* [Source information]:
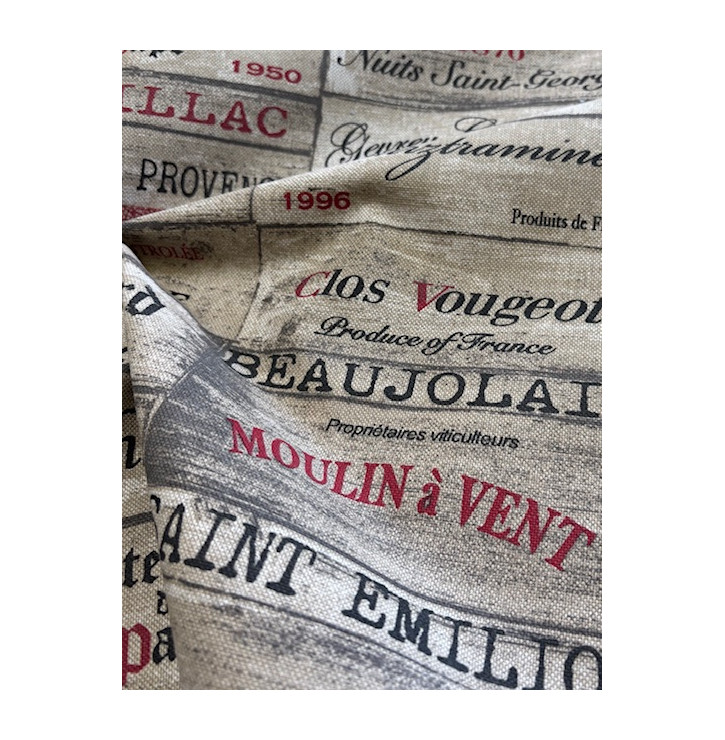 Coupon de tissu Grand Cru Rouge Noir – 50 x 160 cm, 205 g/m². Composition : 75 % coton, 25 % polyester. Motif inspiré des étiquettes de grands vins français (Saint-Émilion, Chablis, Beaujolais, Pauillac…) dans des tons élégants de rouge, noir et beige vieilli. Idéal pour ameublement, déco de cuisine, sets de table, accessoires ou projets DIY au style bistrot chic. Résistant, doux et facile à travailler, parfait pour donner une touche authentique et chaleureuse à vos créations.
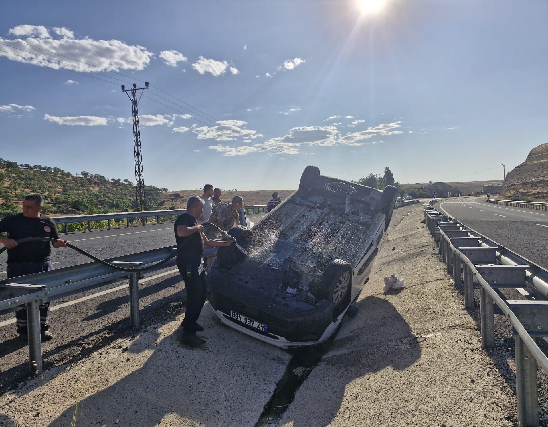 Mardin'de, ters dönen otomobildeki 3 kişi yaralandı
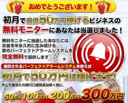 初月で50万円稼げて、そこから50万、100万、200万、300万と増え続けるという広告があって、メールアドレスの登録へ誘導されます。
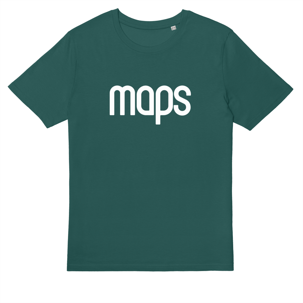 ‘Maps’ logo in white, on a premium Stanley Stella shirt.
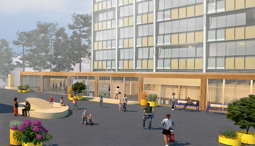 Presentationen av det vinnande teamet och deras förslag för upprustning och ny…
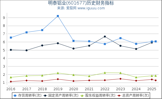 - 总资产周转率是指销售收入净额与总资产平均净值的比率。 明泰铝业(601677)(以下简称“本公司”)当前总资产周转率1.28低于历史平均水平1.49,说明本公司整体资产的营运能力正在下降; 当前总资产周转率1.28低于行业平均水平1.35,说明本公司整体资产的营运能力处于行业下游。
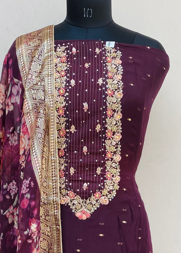Designer Embroidered Suit Length 3 Piece Wine Organza With Pearl ,Sequence & Stone Work With Embroidered Organza Dupatta & Same Colour Cotton Bottom
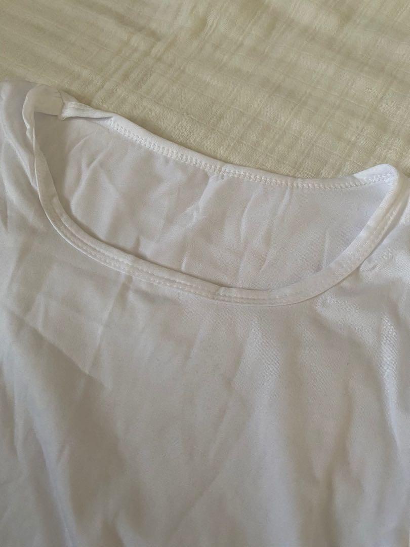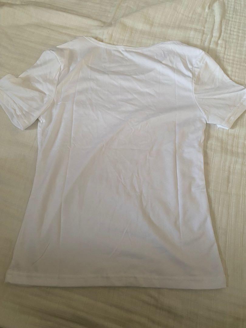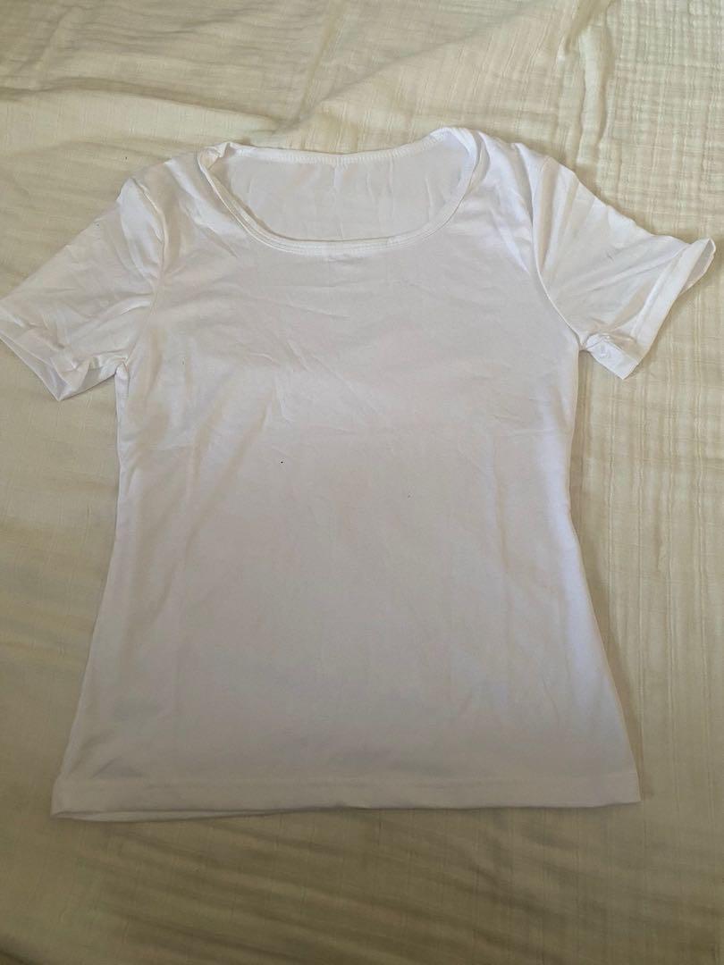 ポリエステル100%のシンプルな白Tシャツ、サイズF、快適な着心地。
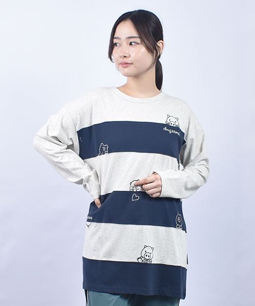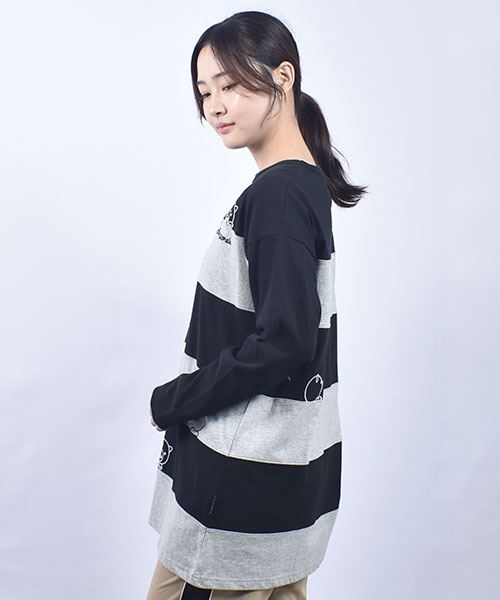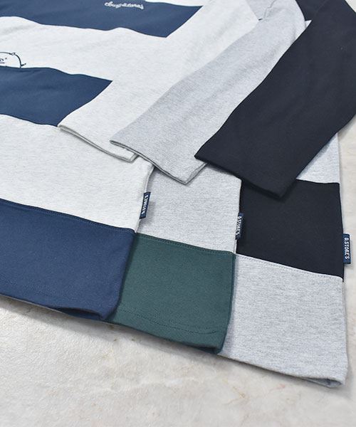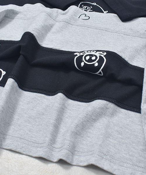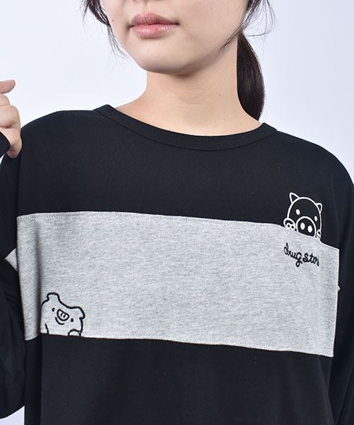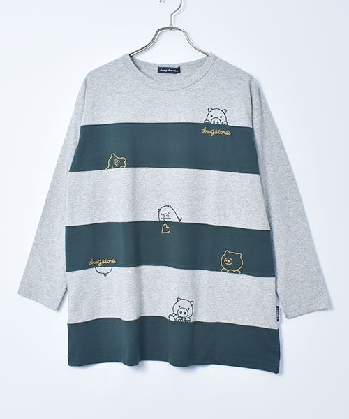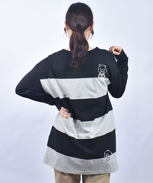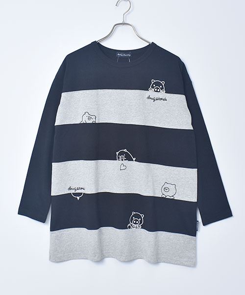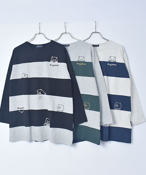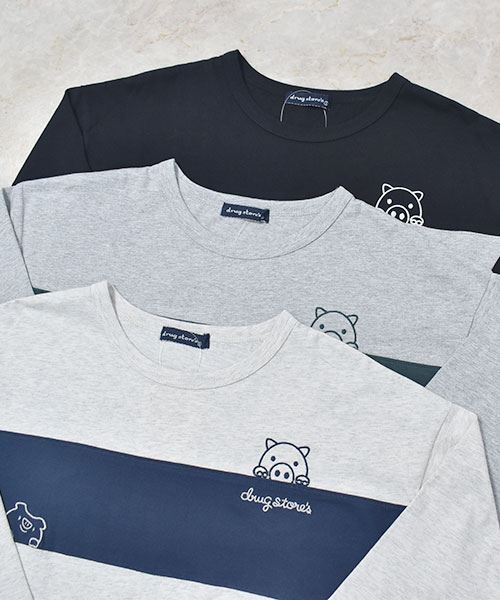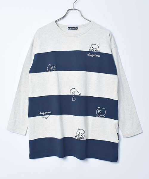 drug store's 18/-天竺 ハートン&スタンディ刺繍 ボーダー切替 Aライン T
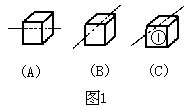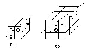 (1)铁丝穿透1个小立方体可有三种不同情况。(如图1所示)其中A、B两种是穿过相对两面,A种平行于棱的方向穿过,B种斜着穿过;C种则是穿过相邻两面。再进一步分析,若增加7个小立方体,搭成较大立方体时,这个小立方体相对两面中只能有一个面与其它小立方体相邻,也就是说只能考虑铁丝在一个方向上继续穿透其它小立方体。而这个小立方体相邻的两面可以分别与其它小立方体相邻,铁丝可以沿两个方向继续穿透其它小立方体。因此,C种情况是我们解答本题需要深入考虑的。(为了便于分析,将这个小立方体编为①号。)
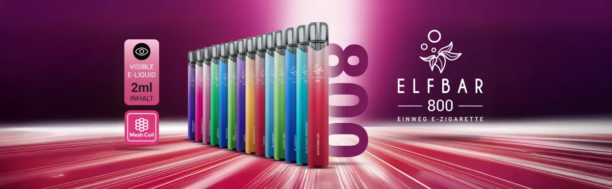 Elfbar 800 Einweg-Pods: Bis zu 800 Züge, Turbo-Funktion und sichtbare Liquidanzeige für Händler & Tankstellen.
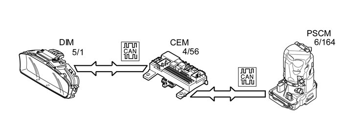 If a fault is registered (certain diagnostic trouble codes (DTCs) only), the Power Steering Control Module (PSCM) (6/164) will inform the central electronic module (CEM) (4/56) that there is a fault in the power steering system via the controller area network (CAN). The central electronic module (CEM) then transmits a request via the controller area network (CAN) to the driver information module (DIM) (5/1) to light the information lamp and to activate a text message in the display. The text message informs the driver that there is a fault in the power steering system. When the fault has been remedied, a request is transmitted in the same way to switch off the information lamp and deactivate the text message.
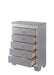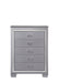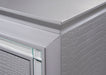 This bedroom collection offers a touch of glamour and luxury to any home. The chic silver finish paired with elegant textured panels creates a sophisticated look that can elevate any bedroom decor. The bed is a statement piece, featuring a stunning tufted headboard with integrated LED lighting that adds a classic touch to the modern design. Accompanying the bed is a selection of matching furniture pieces, including a dresser with a mirror, a tall chest, and nightstands, all finished in the same lustrous silver tone.
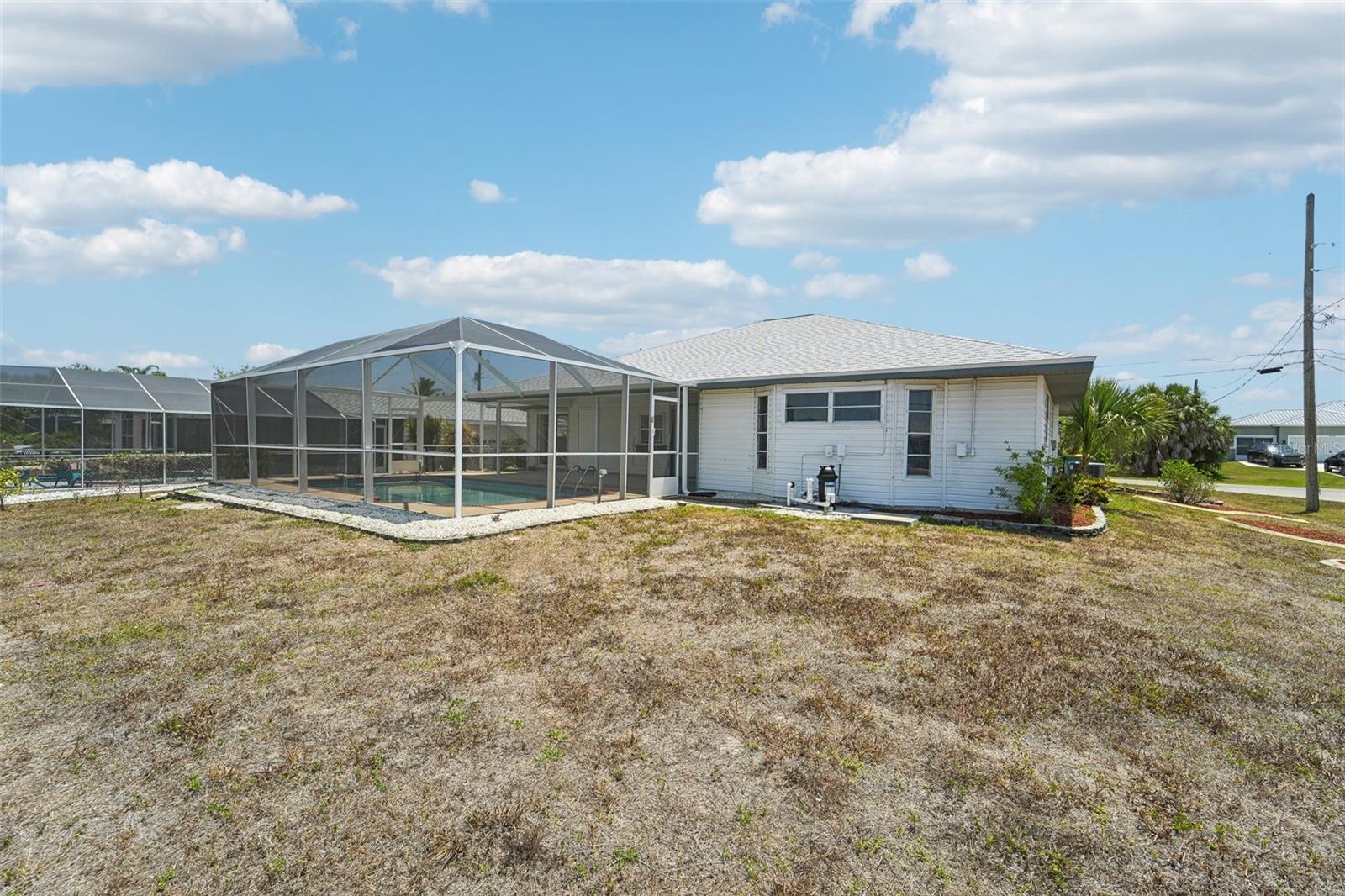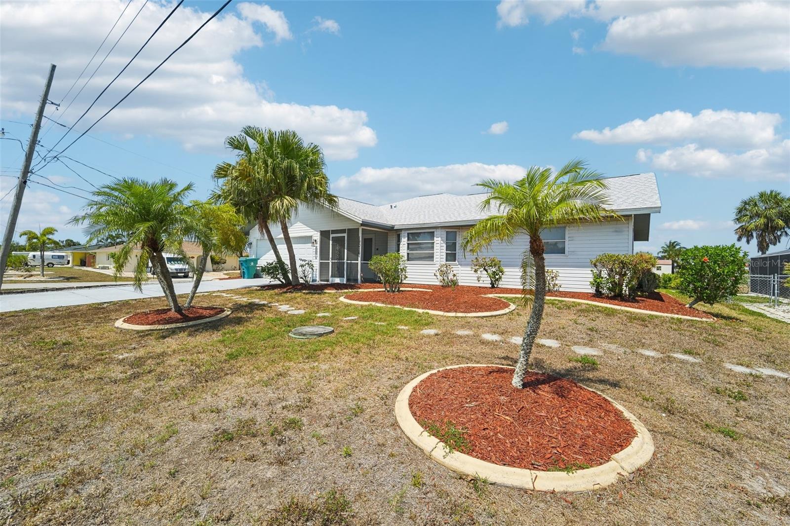 Discover your next home at 19016 Midway Blvd in Port Charlotte, Florida. This beautifully maintained 3-bedroom, 2-bathroom residence, perfect for both primary home buyers and investors, boasts 1,500 square feet of comfortable living space. Built in 1991, this property features a two-year-old roof, a six-year-old HVAC system, and a five-year-old water heater, ensuring reliability and efficiency. Situated on a generous 0.26-acre corner lot in a tranquil cul-de-sac, the home offers a spacious layout ideal for family living, complemented by up-to-date, energy-efficient appliances. Enjoy the luxury of a private screened patio with a pool, perfect for relaxation and entertainment. Located across from the picturesque Manchester Waterway, this home provides a serene setting while being close to all necessary amenities. Don’t miss this exceptional opportunity in Port Charlotte!
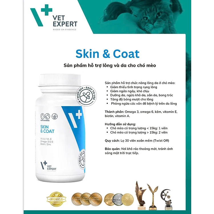 [ 30 viên ] Vet Expert bổ sung vitamin & khoáng , tăng cường miễn dịch, chăm sóc da và lông , xương khớp cho chó và mèo
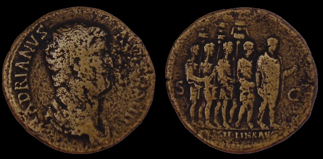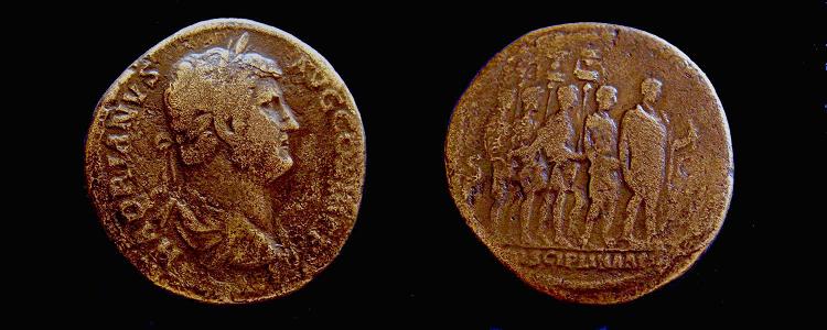 Hier ein seltener Sesterz, dessen Reversdarstellung eine Anspielung auf den militärischen Drill Hadrians ist.
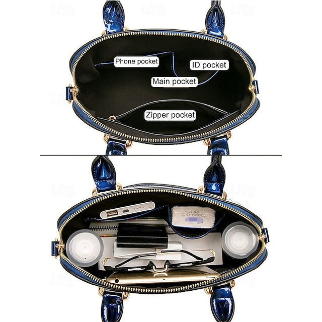 Elegant Tote - Leather Shiny Bag Women's Green Patent
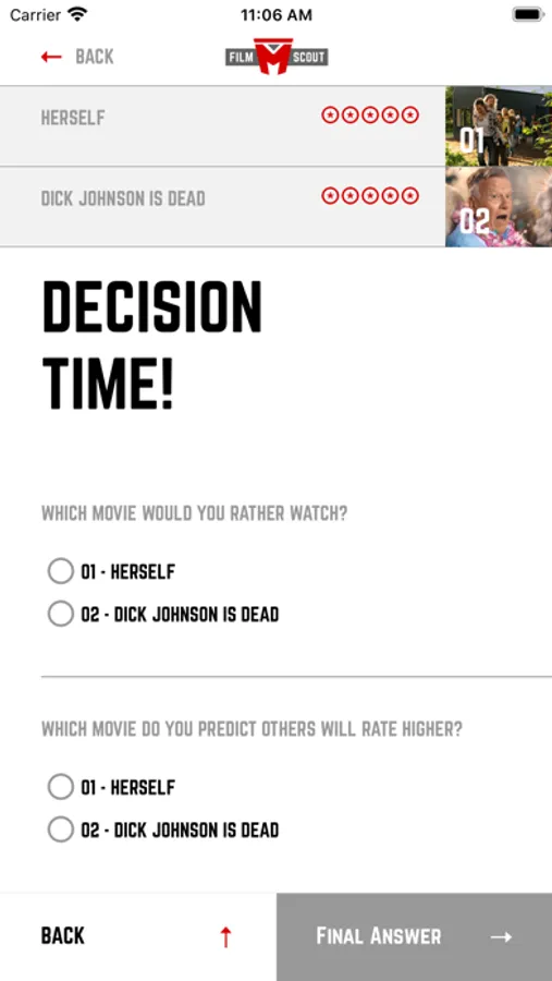 In previous years we've used Film Scout exclusively for the Sundance Film Festival. However, we're excited to announce that we've updated the app to allow for more festivals-- and more films-- to scout. Tell us what movies you’d like to see, and put your scouting skills to the test by predicting what others will think.
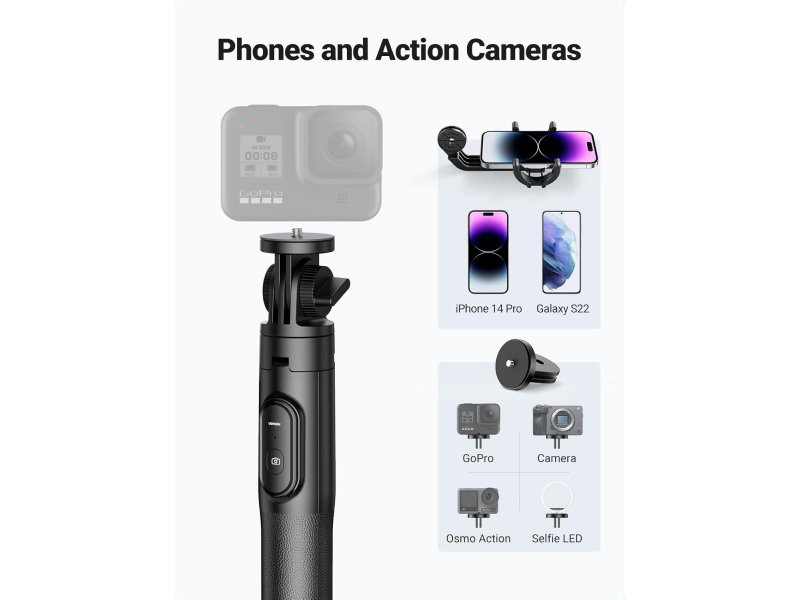 | Ostalo | Ovaj selfi štap je dizajniran za razne primene. Njegovo originalno i proširivo stanje omogućava vam da pravite selfije ili grupne fotografije sa porodicom i prijateljima. Pored toga, njegov režim stativa oslobađa vaše ruke za snimanje video zapisa ili prenose uživo kada putujete sami ili ste na poslu. Ovaj selfi štap sa stativom opremljen je stabilnim Bluetooth V5.0, koji vam omogućava da pravite fotografije/video zapise sa udaljenosti od 10M bez brige o prekidima veze. Zahvaljujući bateriji CR1632/120mAh, moći ćete da napravite 20.000 pojedinačnih fotografija i uživate u boljem iskustvu bez muke sa čestim pražnjenjem baterije. Proširiva dužina i podesiv ugao: Ovaj selfi štap dostiže dužinu od oko 150 cm kada je proširen, tako da selfiji ili grupne fotografije nisu problem. Sa rotacijom od 360°, bićete zadovoljni svakim uglom. Široka kompatibilnost: Sa držačem koji ima opseg rastezanja od 5.8-8.2 cm (telefon + futrola), ovaj unapređeni stativ za telefon odgovara pametnim telefonima od 4.7-6.1 inča sa iOS (5.0 i noviji) i Android (4.0 i noviji), kompatibilan sa iPhone serijom, Galaxy serijom, Redmi serijom, HUAWEI serijom, GoPro serijom, itd. |
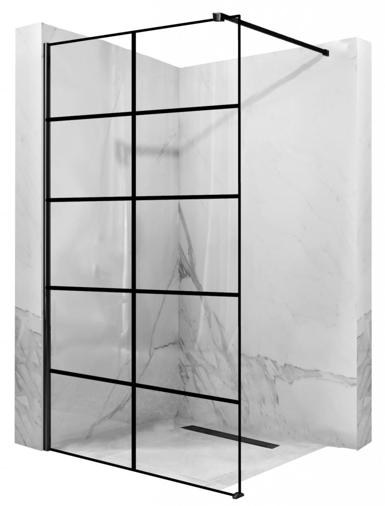 Zástěna je vyrobena z kvalitního černého hliníku (stěnový profil + spodní podlahová lišta). Směr instalace je univerzální a stěnový profil díky svému přizpůsobení eliminuje jakékoli zakřivení stěn. Navíc připojená soklová lišta chrání sprchové sklo před poškozením. Tvrzené průhledné sklo je pokryto speciální vrstvou EASY CLEAN, která usnadňuje čištění. I přesto je dobré na transparentní sklo používat stěrku. Síla skla je o tloušťce 8 mm, díky čemuž je stěna stabilní a snadno se instaluje, a dodatečná stabilizační vzpěra, která je součástí, činí sprchovou stěnu velmi pevnou.
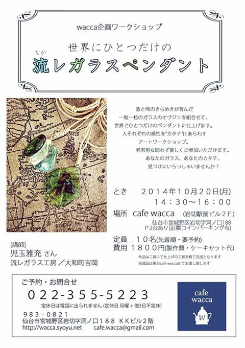 少し先ですが、10月20日(月)に講師をお招きしてcafe waccaでワークショップのイベントを開催します。 たくさんのガラスのなかからお気に入りの色やカタチを見つけて、組み合わせて、自分だけのペンダントにしてみませんか?

* [About this task]: The response should be the lines from the one containing "Zástěna je vyrobena" through the final line of the records, reproduced exactly and with every picture left out.

* [Problem solution]:
 Zástěna je vyrobena z kvalitního černého hliníku (stěnový profil + spodní podlahová lišta). Směr instalace je univerzální a stěnový profil díky svému přizpůsobení eliminuje jakékoli zakřivení stěn. Navíc připojená soklová lišta chrání sprchové sklo před poškozením. Tvrzené průhledné sklo je pokryto speciální vrstvou EASY CLEAN, která usnadňuje čištění. I přesto je dobré na transparentní sklo používat stěrku. Síla skla je o tloušťce 8 mm, díky čemuž je stěna stabilní a snadno se instaluje, a dodatečná stabilizační vzpěra, která je součástí, činí sprchovou stěnu velmi pevnou.
 少し先ですが、10月20日(月)に講師をお招きしてcafe waccaでワークショップのイベントを開催します。 たくさんのガラスのなかからお気に入りの色やカタチを見つけて、組み合わせて、自分だけのペンダントにしてみませんか?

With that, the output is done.